• _RECORDS SUPPLIED_:
------------------------
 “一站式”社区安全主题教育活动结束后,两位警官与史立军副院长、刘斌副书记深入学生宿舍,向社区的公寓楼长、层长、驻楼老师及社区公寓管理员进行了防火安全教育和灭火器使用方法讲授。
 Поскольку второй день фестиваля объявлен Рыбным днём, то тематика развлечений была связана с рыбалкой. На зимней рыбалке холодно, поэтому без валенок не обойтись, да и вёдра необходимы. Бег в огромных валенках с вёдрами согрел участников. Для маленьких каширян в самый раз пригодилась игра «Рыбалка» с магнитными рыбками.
------------------------
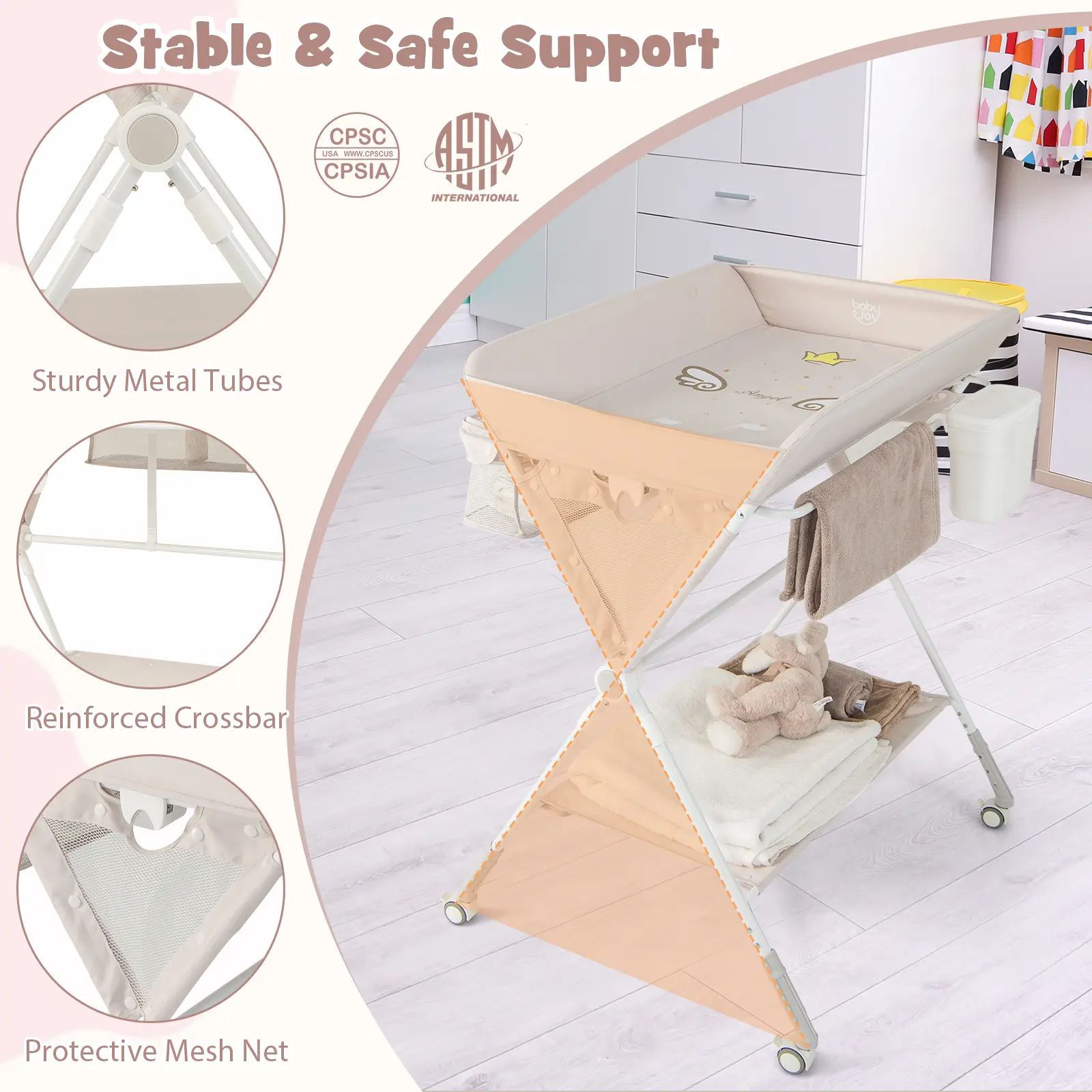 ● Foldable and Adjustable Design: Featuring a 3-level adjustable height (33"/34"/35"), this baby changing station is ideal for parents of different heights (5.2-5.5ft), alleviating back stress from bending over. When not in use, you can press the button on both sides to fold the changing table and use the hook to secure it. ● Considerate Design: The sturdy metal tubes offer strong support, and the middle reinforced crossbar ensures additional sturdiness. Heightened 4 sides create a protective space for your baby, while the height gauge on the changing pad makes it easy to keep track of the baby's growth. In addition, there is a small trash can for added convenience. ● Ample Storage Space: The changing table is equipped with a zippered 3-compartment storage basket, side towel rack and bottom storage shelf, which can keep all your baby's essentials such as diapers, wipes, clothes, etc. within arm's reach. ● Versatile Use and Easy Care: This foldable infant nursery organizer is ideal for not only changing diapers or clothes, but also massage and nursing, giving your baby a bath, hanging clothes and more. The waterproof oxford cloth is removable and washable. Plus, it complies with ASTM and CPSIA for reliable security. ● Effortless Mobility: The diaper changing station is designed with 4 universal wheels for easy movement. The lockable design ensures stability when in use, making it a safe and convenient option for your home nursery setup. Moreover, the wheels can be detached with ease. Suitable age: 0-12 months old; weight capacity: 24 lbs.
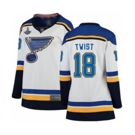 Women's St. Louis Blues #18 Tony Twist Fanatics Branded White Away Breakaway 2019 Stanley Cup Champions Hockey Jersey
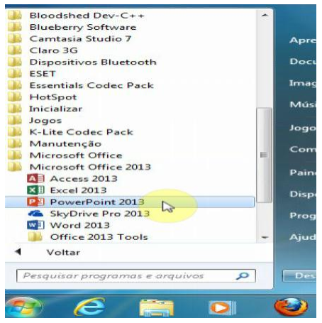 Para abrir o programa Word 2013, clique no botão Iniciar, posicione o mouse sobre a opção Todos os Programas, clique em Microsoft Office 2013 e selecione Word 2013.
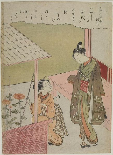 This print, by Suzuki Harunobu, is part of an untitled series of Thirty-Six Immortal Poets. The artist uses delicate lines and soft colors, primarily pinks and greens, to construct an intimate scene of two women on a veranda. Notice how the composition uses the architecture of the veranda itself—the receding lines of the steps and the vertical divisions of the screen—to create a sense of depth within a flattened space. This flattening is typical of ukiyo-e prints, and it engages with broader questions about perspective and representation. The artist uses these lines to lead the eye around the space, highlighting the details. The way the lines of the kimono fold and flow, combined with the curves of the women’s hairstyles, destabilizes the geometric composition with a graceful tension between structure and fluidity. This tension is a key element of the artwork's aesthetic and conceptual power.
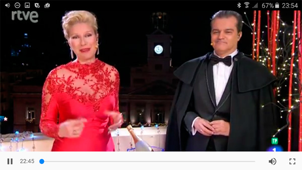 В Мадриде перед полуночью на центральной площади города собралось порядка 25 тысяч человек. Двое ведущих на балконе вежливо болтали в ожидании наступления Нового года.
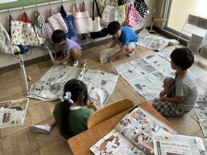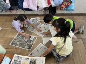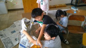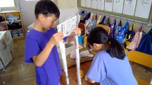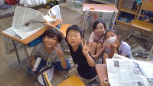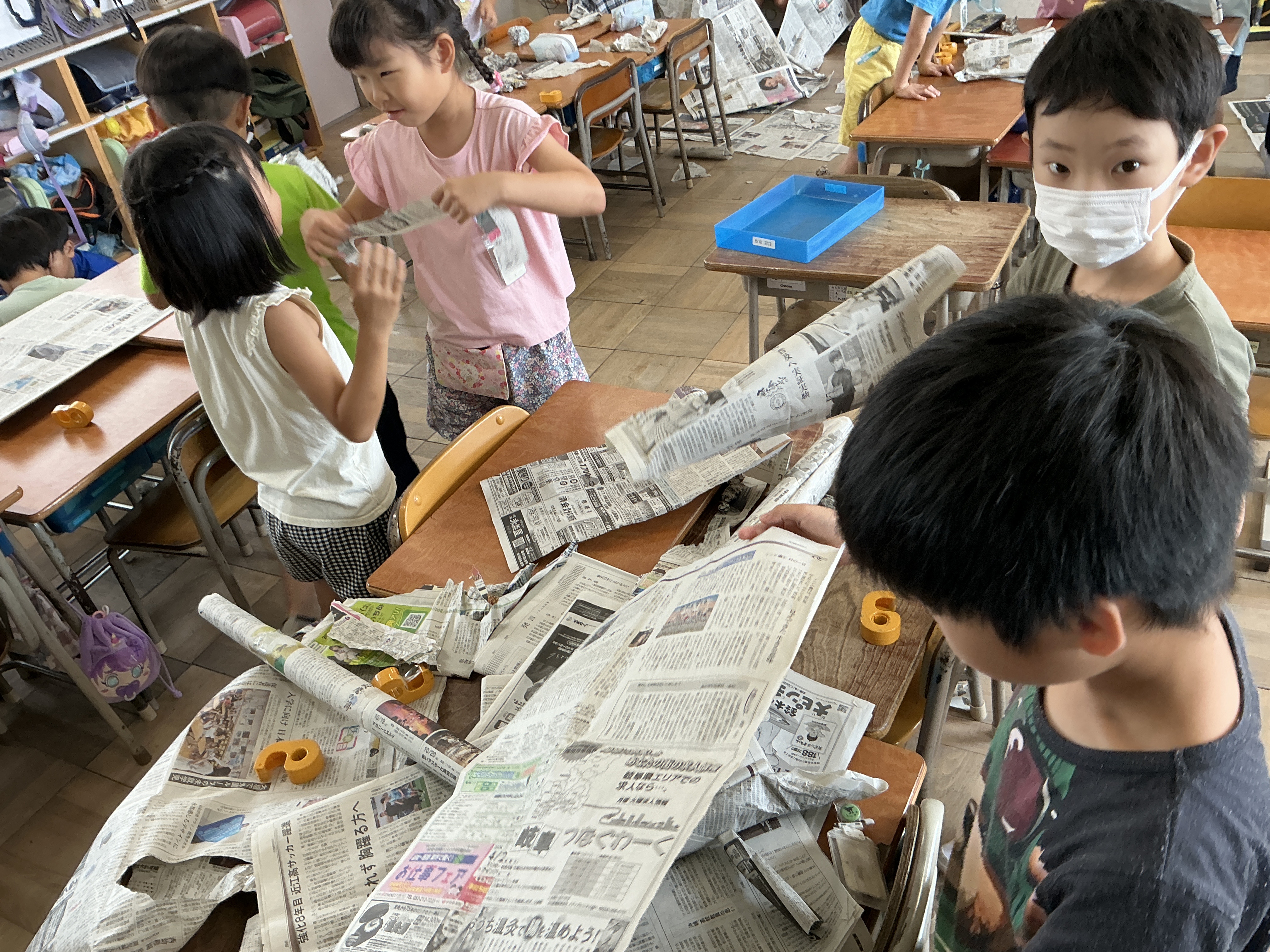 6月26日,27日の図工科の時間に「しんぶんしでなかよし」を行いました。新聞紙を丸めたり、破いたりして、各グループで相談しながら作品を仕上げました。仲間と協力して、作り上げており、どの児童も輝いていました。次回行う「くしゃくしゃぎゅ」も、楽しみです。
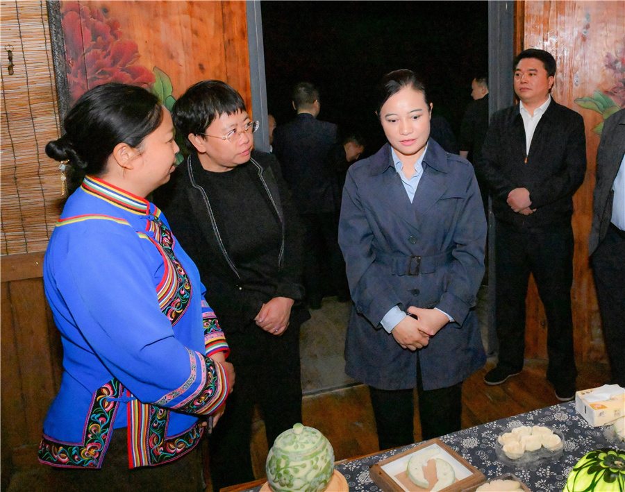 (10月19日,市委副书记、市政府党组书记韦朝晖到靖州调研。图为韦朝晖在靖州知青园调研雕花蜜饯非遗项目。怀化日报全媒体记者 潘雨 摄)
------------------------
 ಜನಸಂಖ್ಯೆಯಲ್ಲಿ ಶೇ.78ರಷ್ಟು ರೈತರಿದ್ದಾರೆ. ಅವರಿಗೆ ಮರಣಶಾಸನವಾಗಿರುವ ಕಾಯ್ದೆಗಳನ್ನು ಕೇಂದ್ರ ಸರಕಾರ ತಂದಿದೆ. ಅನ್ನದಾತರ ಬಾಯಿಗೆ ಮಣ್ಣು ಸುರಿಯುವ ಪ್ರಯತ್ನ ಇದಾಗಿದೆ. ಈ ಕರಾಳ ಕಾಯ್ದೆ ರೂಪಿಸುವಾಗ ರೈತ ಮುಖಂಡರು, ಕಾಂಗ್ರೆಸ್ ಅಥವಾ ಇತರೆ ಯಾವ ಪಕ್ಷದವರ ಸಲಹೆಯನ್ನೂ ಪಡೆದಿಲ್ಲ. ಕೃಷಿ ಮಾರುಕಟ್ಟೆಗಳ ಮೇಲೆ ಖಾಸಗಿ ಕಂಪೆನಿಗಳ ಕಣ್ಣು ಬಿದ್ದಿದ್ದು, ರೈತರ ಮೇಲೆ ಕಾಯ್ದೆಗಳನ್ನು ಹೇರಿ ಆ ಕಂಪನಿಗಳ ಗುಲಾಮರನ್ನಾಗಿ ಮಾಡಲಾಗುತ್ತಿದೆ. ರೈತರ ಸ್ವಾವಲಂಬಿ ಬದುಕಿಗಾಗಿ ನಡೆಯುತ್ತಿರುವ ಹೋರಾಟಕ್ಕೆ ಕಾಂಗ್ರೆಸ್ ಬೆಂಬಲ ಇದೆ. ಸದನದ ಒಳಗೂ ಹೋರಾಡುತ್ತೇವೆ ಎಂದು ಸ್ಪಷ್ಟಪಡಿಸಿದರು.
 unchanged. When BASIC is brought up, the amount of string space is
------------------------
• _YOUR INSTRUCTIONS_: Starting at the line above that holds "ಜನಸಂಖ್ಯೆಯಲ್ಲಿ ಶೇ.78ರಷ್ಟು ರೈತರಿದ್ದಾರೆ." and ending at the line that holds "unchanged. When BASIC", transcribe each line exactly and include no other lines.

• _ANSWER FOR THIS EXERCISE_:
 ಜನಸಂಖ್ಯೆಯಲ್ಲಿ ಶೇ.78ರಷ್ಟು ರೈತರಿದ್ದಾರೆ. ಅವರಿಗೆ ಮರಣಶಾಸನವಾಗಿರುವ ಕಾಯ್ದೆಗಳನ್ನು ಕೇಂದ್ರ ಸರಕಾರ ತಂದಿದೆ. ಅನ್ನದಾತರ ಬಾಯಿಗೆ ಮಣ್ಣು ಸುರಿಯುವ ಪ್ರಯತ್ನ ಇದಾಗಿದೆ. ಈ ಕರಾಳ ಕಾಯ್ದೆ ರೂಪಿಸುವಾಗ ರೈತ ಮುಖಂಡರು, ಕಾಂಗ್ರೆಸ್ ಅಥವಾ ಇತರೆ ಯಾವ ಪಕ್ಷದವರ ಸಲಹೆಯನ್ನೂ ಪಡೆದಿಲ್ಲ. ಕೃಷಿ ಮಾರುಕಟ್ಟೆಗಳ ಮೇಲೆ ಖಾಸಗಿ ಕಂಪೆನಿಗಳ ಕಣ್ಣು ಬಿದ್ದಿದ್ದು, ರೈತರ ಮೇಲೆ ಕಾಯ್ದೆಗಳನ್ನು ಹೇರಿ ಆ ಕಂಪನಿಗಳ ಗುಲಾಮರನ್ನಾಗಿ ಮಾಡಲಾಗುತ್ತಿದೆ. ರೈತರ ಸ್ವಾವಲಂಬಿ ಬದುಕಿಗಾಗಿ ನಡೆಯುತ್ತಿರುವ ಹೋರಾಟಕ್ಕೆ ಕಾಂಗ್ರೆಸ್ ಬೆಂಬಲ ಇದೆ. ಸದನದ ಒಳಗೂ ಹೋರಾಡುತ್ತೇವೆ ಎಂದು ಸ್ಪಷ್ಟಪಡಿಸಿದರು.
 unchanged. When BASIC is brought up, the amount of string space is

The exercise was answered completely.